Imagine a country “transformed by culture” – a nation that recognises the “most important” way to do this by “dissolving” the “barriers between artists and the audiences with whom they interact”? This is what Let’s Create – Arts Council England’s new 10-year strategy – proudly shouts out. These are the words of Arts Council England Chair, Sir Nicholas Serota

Ok, so the notion of “artists” and “audiences” is clearly too limited and outmoded, but, hey, it’s in keeping with the rest of the strategy document to infer that audiences really means everyone in our communities whether watching, making, taking part, doing, thinking, selling things, whatever.

So, let’s imagine communities everywhere in which artists and people of all backgrounds and walks of life co-exist and cooperate. Let’s think about what existing “barriers” might stand in the way of artists and communities coming together to really be creative together in ways that can rebuild and reconnect communities, can nurture new artists and new participants and new audiences, and can help seed a generation of new ideas and new cultural workers and creative communities in ways that can create a genuinely solid, flourishing creative economy at every scale – from hyperlocal to international.

Some of these obstacles can be said to be cultural and community and civic gatekeepers: arts institutions, big charities, local authorities, central government. The obstacles tend to be bureaucratic and about who has a say in what is “culture” and what is “fundable”, and who decides who has access to the means of artistic and cultural and social production. Too often, these “glass ceilings” act to almost invisibly form walls around entrenched power. Yet these ceilings are strong, the walls insurmountable.

Imagine if these “barriers” were removed. This doesn’t mean removing existing infrastructures and institutions. It means also opening routes for the grassroots (artists, community members, local third sector organisations, local businesses, etc.) to access and determine its own forms of artistic and cultural and social production – its own ways of being and living together creatively. Removing of the bureaucratic obstacles can flip our world on its head: for example, artists and communities working on their own terms and asking for assistance from the gatekeepers when needed. Removing bureaucracy and opening up creativity also is about trusting artists and communities to do interesting things, things that they can see will work for them locally. And removing bureaucracy can also save significant amounts of money.

So, let’s create a new way to “transform” our communities and the working lives of artists – a way that dissolves barriers between communities and artists. Let’s employ local artists and visiting artists to work full-time in their communities. Let’s make a simple system that’s totally scalable, relatively inexpensive (in comparison to big art buildings and big public art commissions), and that will provide significant impact and interesting new outcomes for local communities, the arts and cultural sector, and the nation. (I mean artists in the broadest sense of the word, including writers, poets, musicians, theatre makers, filmmakers, visual artists, community artists, etc., etc.)
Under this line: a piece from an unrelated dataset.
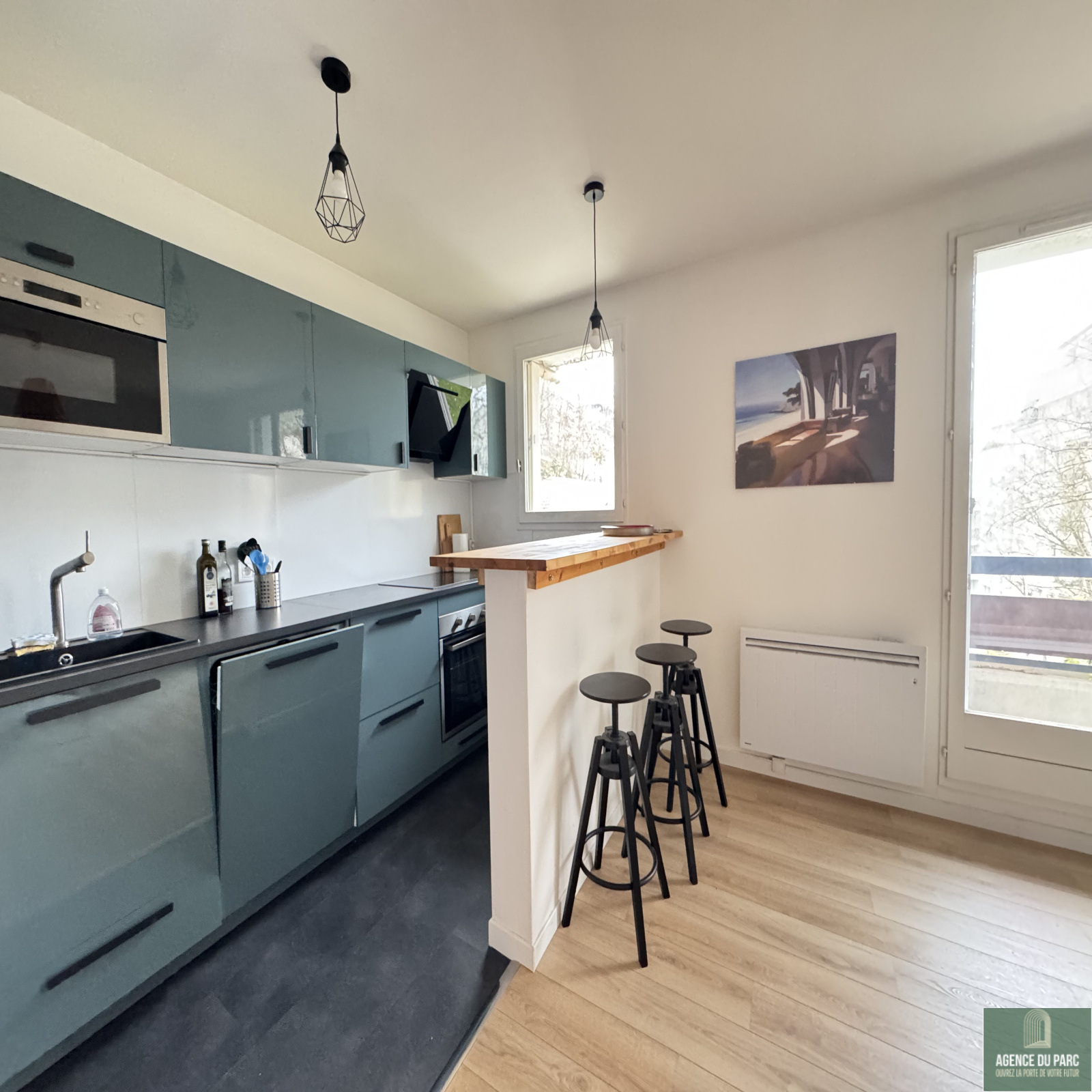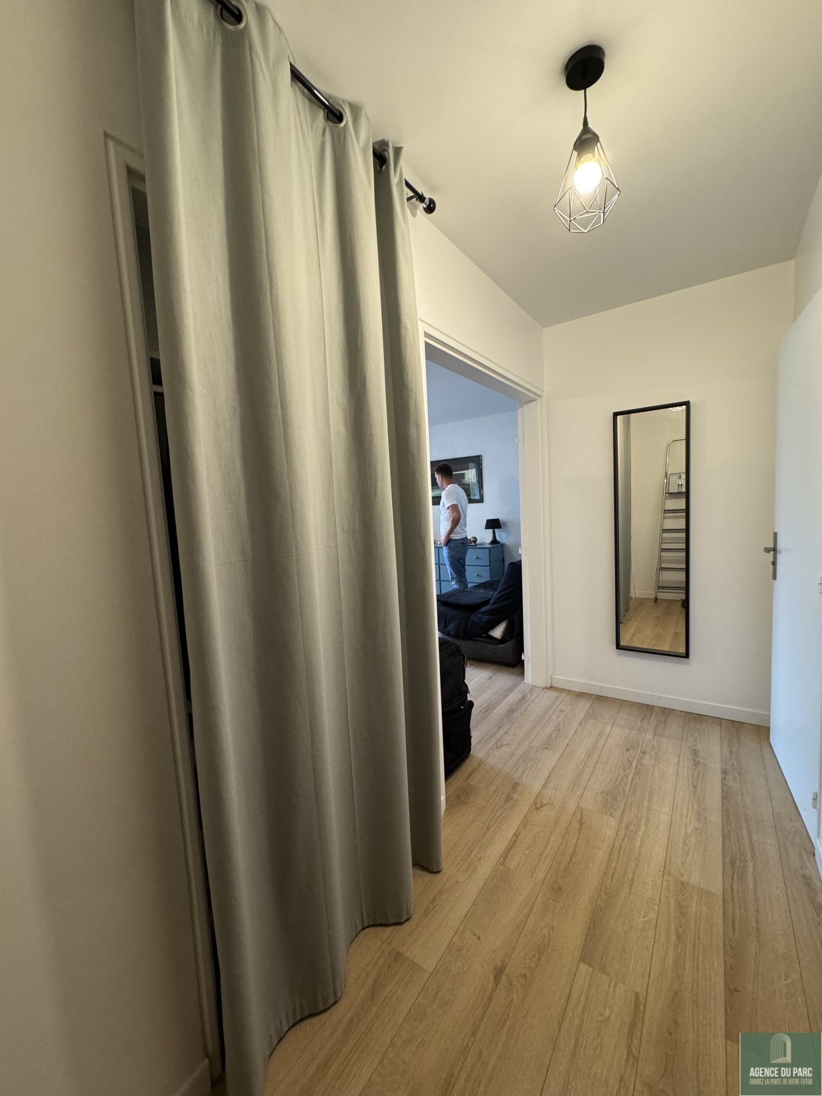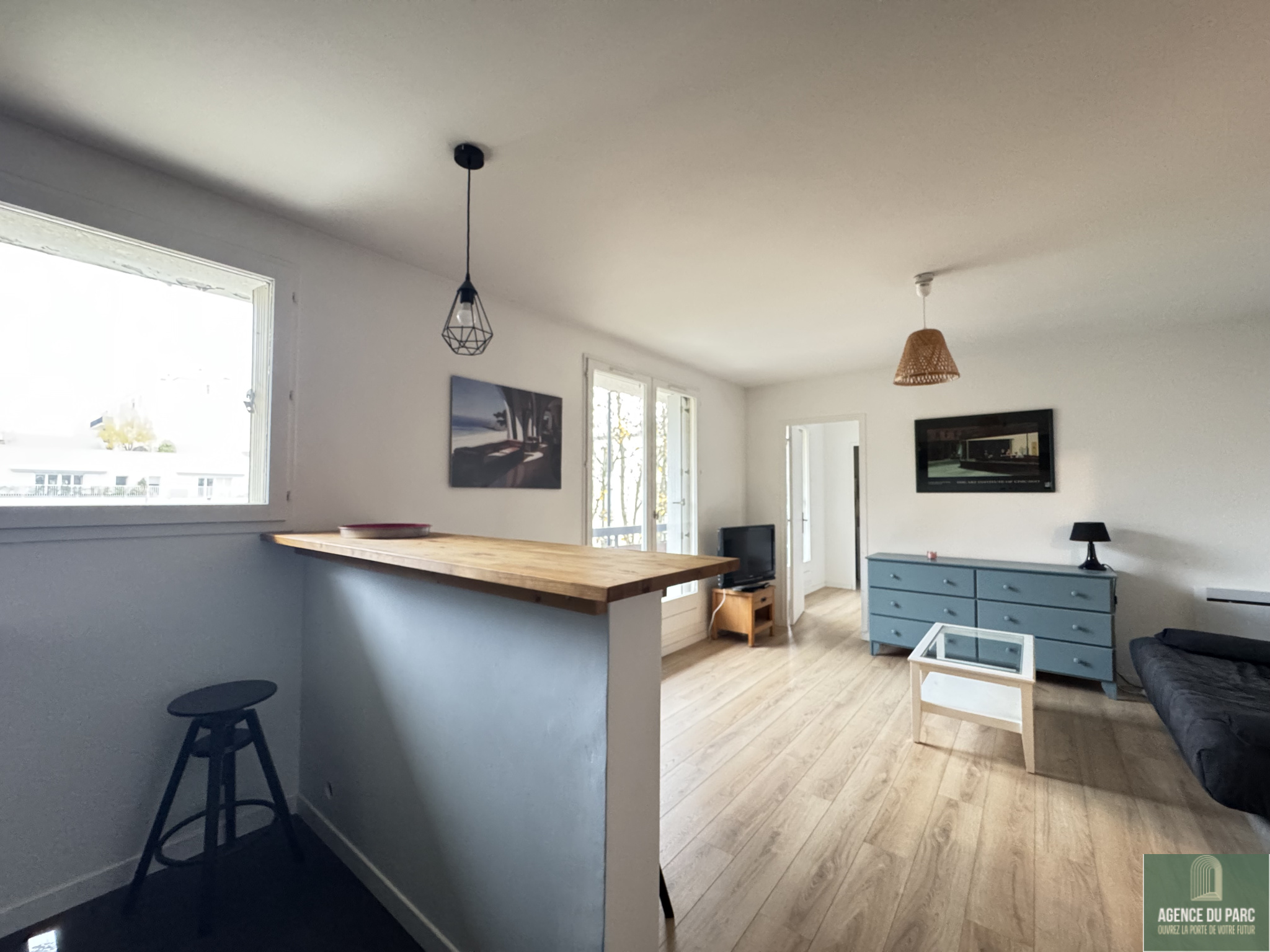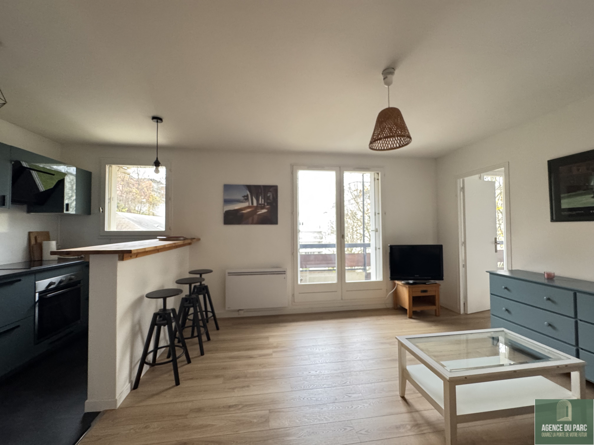 Chaville, en retrait de l’avenue Roger Salengro, dans une résidence de standing, au calme et dans la verdure, l’Agence du Parc vous propose un beau 2 pièces de 43.50 m2 loué MEUBLE, comprenant une entrée avec placard, un beau séjour de 23 m2 ouvert sur balcon filant, une cuisine américaine entièrement équipée (four, four micro-ondes, réfrigérateur, congélateur, lave-vaisselle) et ouverte sur le séjour, une chambre avec dressing, une buanderie, une salle de douches, un WC séparé.
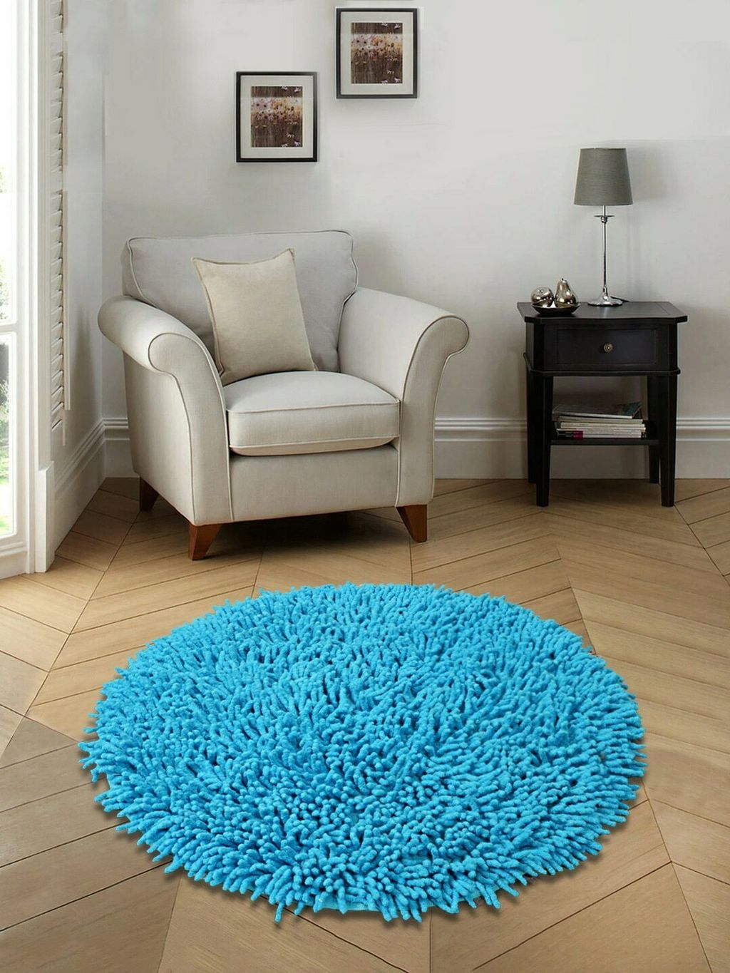 Turquoise Blue Solid Cotton Anti-Skid Shaggy Round Bath Mat II

Imagine, for example, if the £9 million allocated by central government as a “contribution” towards the annual running costs of The Factory in Manchester was replicated by a £9 million investment in paying artists to live and work in communities across Greater Manchester…
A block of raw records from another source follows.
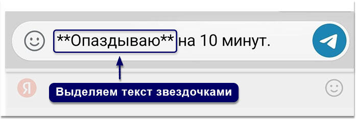 - Отправьте сообщение — выделенная часть станет жирной.
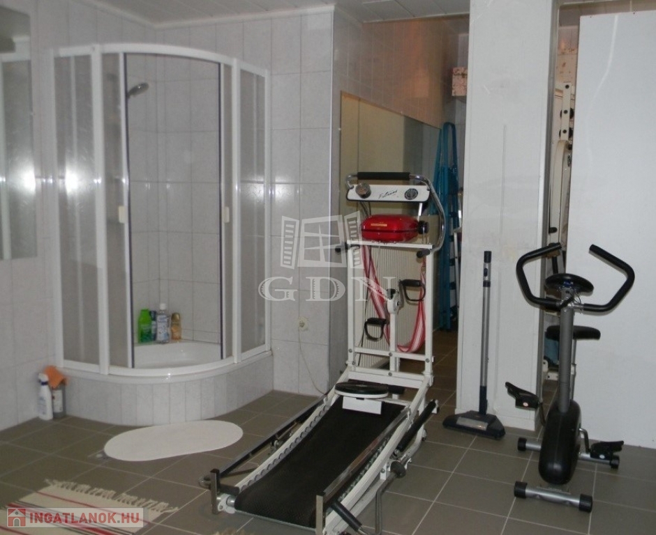 ALAGSOR: 2 állásos garázs mellett, fitness terem, 4 fős szauna, zuhanyzó, külön helyiségben a mosókonyha, gépészeti helység.
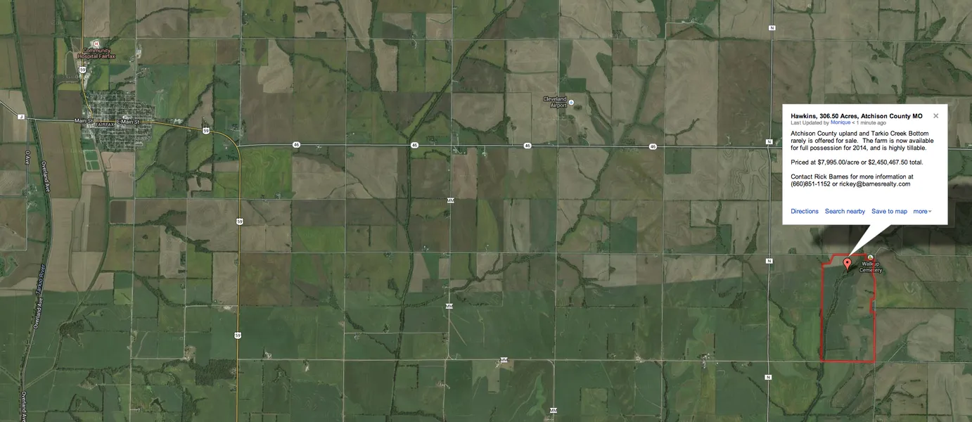 If you're looking for a really good row crop farm in northwest Missouri, take a look at this Atchison County tract! Its presently got over 200 acres of prime Tarkio Creek Bottom, 9.6 acres of CRP buffer strips, and about 60 acres of pasture, (approximately 40 acres of this could be put back into row crop). The balance of the farm is timber and ditches and lots of good tillable land could be reclaimed with a little clean up work. It's one of those farms that can be greatly improved with a little tender loving care.
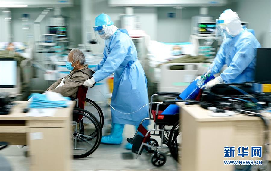 3月20日,武汉火神山医院重症医学一科副主任宋立强(中)护送81岁的新冠肺炎重症患者去做CT检查。为确保患者有充足供氧,医生胡世颉推着氧气瓶随行。 新华社记者 王毓国 摄
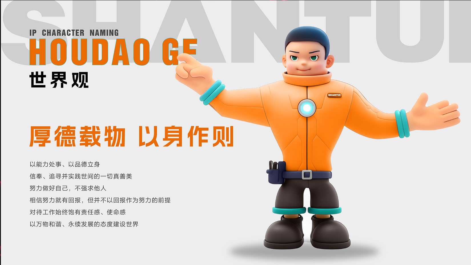 视域参与了山推股份IP形象的设计工作,以企业核心理念“勇往直前,一路厚道”为创意起点,从人的角度出发,以山推集团血液里流淌的闯劲儿为出发点,塑造出有血有肉、敢闯敢干的朴实山推人形象。
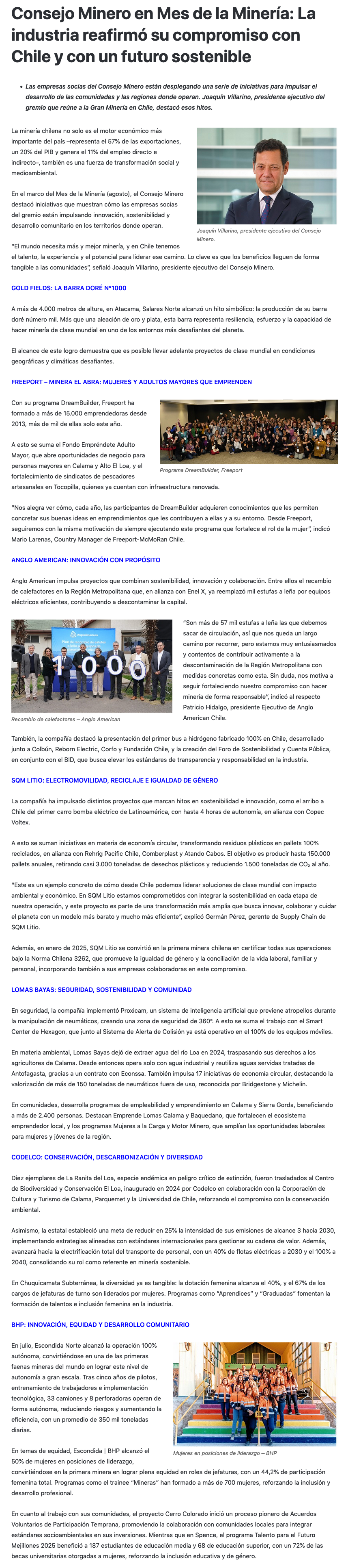 En el Mes de la Minería, la industria reafirma su compromiso con Chile y con un futuro sostenible - (lavozdelamineria.cl)
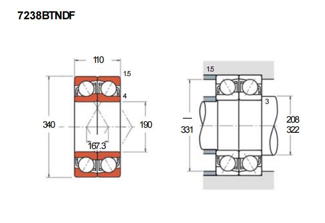 7238BTNDF属于角接触球轴承中的DF配对形式,主要应用于需要承受双向轴向负荷和径向负荷的场合。该轴承的基本尺寸为内径190mm、外径340mm、厚度110mm,结构设计紧凑,适用于中等负荷及较高转速的运行条件。
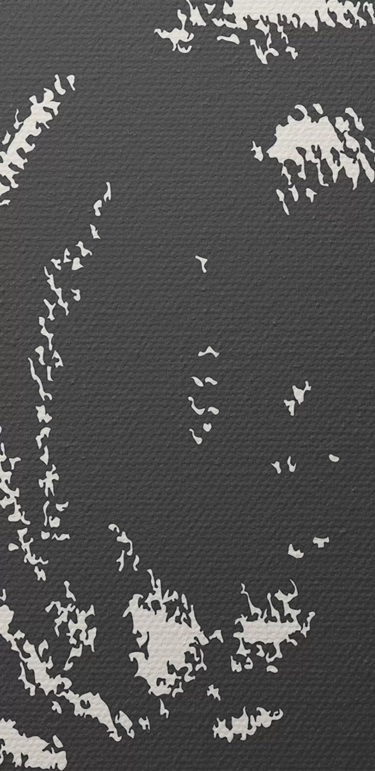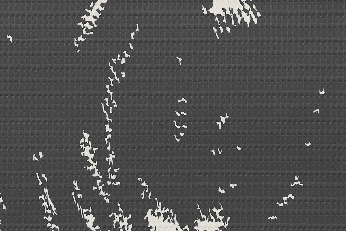 Selle lõuendi peenike niidipunus meenutab professionaalse kunstniku lõuendi pinda.

Well, if we work on the assumption of artists being paid an annual salary of £25,000 full-time (some would obviously be part-time, job shares too) with 30 days holiday and sick pay, etc. Then £9 million a year could employ 360 full-time (or equivalent) artists across Greater Manchester.

There are 287 electoral wards in Greater Manchester. So, let’s imagine that each ward got one artist full-time. That’s an annual cost of £7.175 million. That leaves more than enough for administration, curators, materials budgets for artists and communities, etc. There are 2.8 million people living in Greater Manchester, so the expenditure suggested above equates to £2.56 per person.
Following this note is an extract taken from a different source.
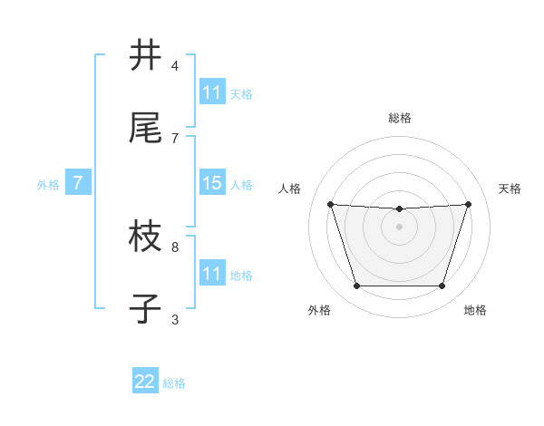 井尾 枝子さんの総格は22画の1点!
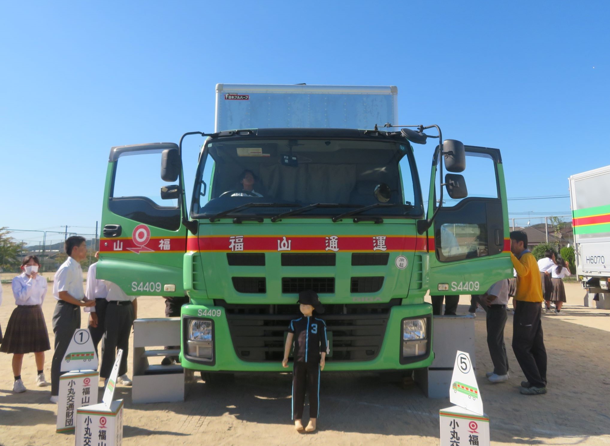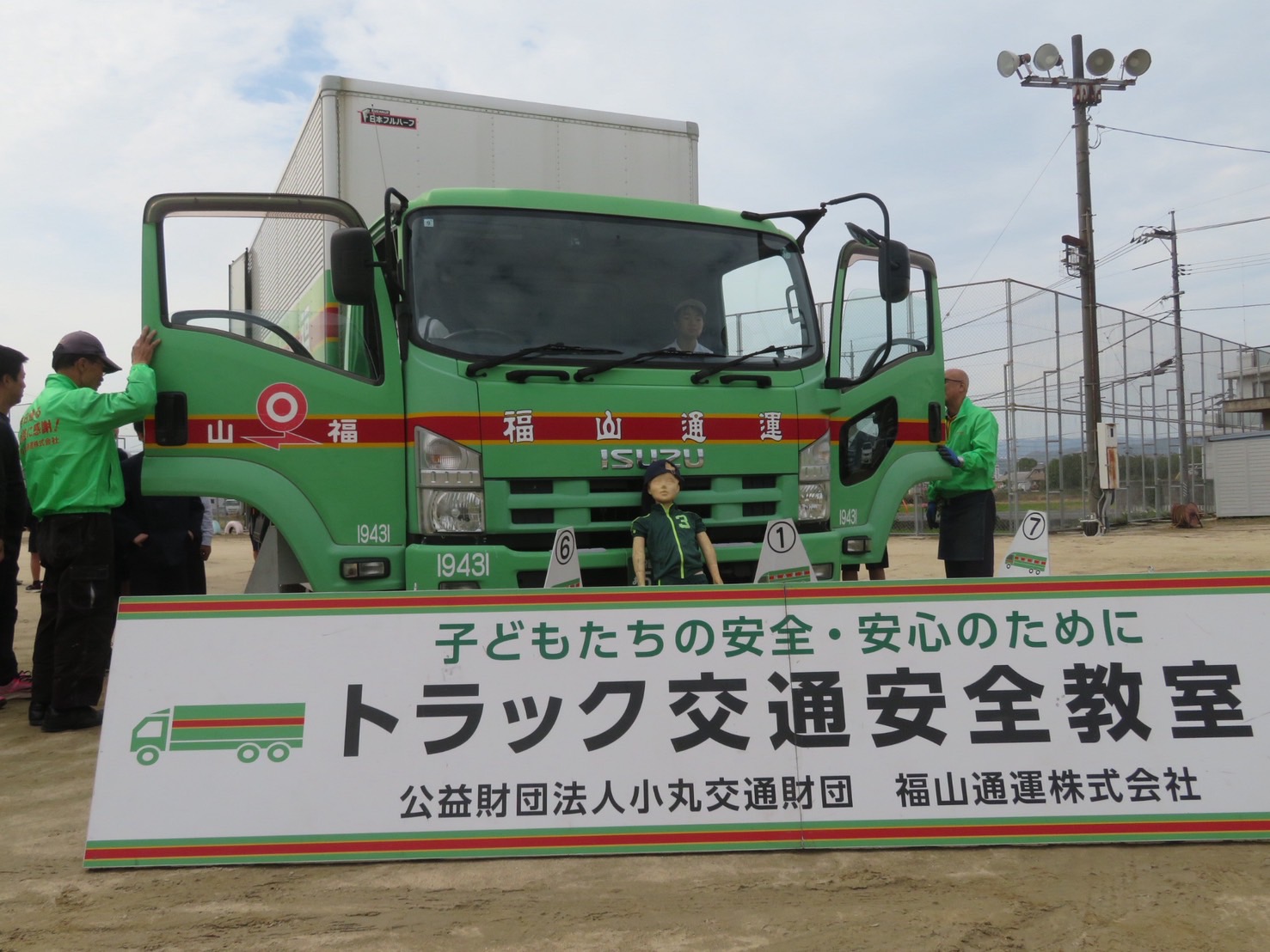 令和元年9月28日、福山メモリアルパークにおいて開催された「交通安全ファミリーランド2019」に参加しました。来場した子どもにトラックの死角体験を実施し、交通安全意識の高揚や交通事故防止を呼びかけました。

Imagine 287 artists in each of the 287 electoral wards across Greater Manchester. Imagine how that would break down barriers and be completely transformative. All for less than £8 million per year. Imagine how 287 artists would have full-time employment with increased income and less precarity of lifestyle. Imagine how much of the money paid to the artists would be spent in the Greater Manchester economy. Imagine how much social and cultural capital would be generated across communities. Imagine how many new arts and community groups and organisations might grow from such a transformative and simple approach to embedding arts and culture at hyperlocal levels. Imagine how easily inequity can be reduced and arts and culture will truly reflect diversity. Imagine how the health and wellbeing of the entire area could be improved. Imagine how many new businesses might open and be sustained. Imagine the expansion of the cultural workforce in the area. Imagine how Greater Manchester could rebrand itself as a truly cultural city region.

This is easily achievable… if those in power have the will to try out a system that is completely aligned with Arts Council England’s new strategy. It is also a way to begin trying out more culturally democratic ways of supporting arts and cultural activities at local levels.

It needs to be tested in some areas: perhaps in a number of city wards first as well as in villages and towns, etc. It needs to be researched. This is a truly action research programme. It could be rooted in the principles of critical participatory action research, so communities would co-produce their own research, gaining valuable skills and insight into their own lives in so doing. There are many other things to iron out, but this is not a risky undertaking.

I will be working more on this and welcome others to join me in making this “artists in every area” idea into a reality – a genuinely transformative reality.

So, to end, here’s a few more examples:

1) An artist in a village/ rural area: £25,000 a year. (The area of Dene Valley and Eldon in County Durham has a population of around 3,000 people, so that would equate to about £8.33 per person.)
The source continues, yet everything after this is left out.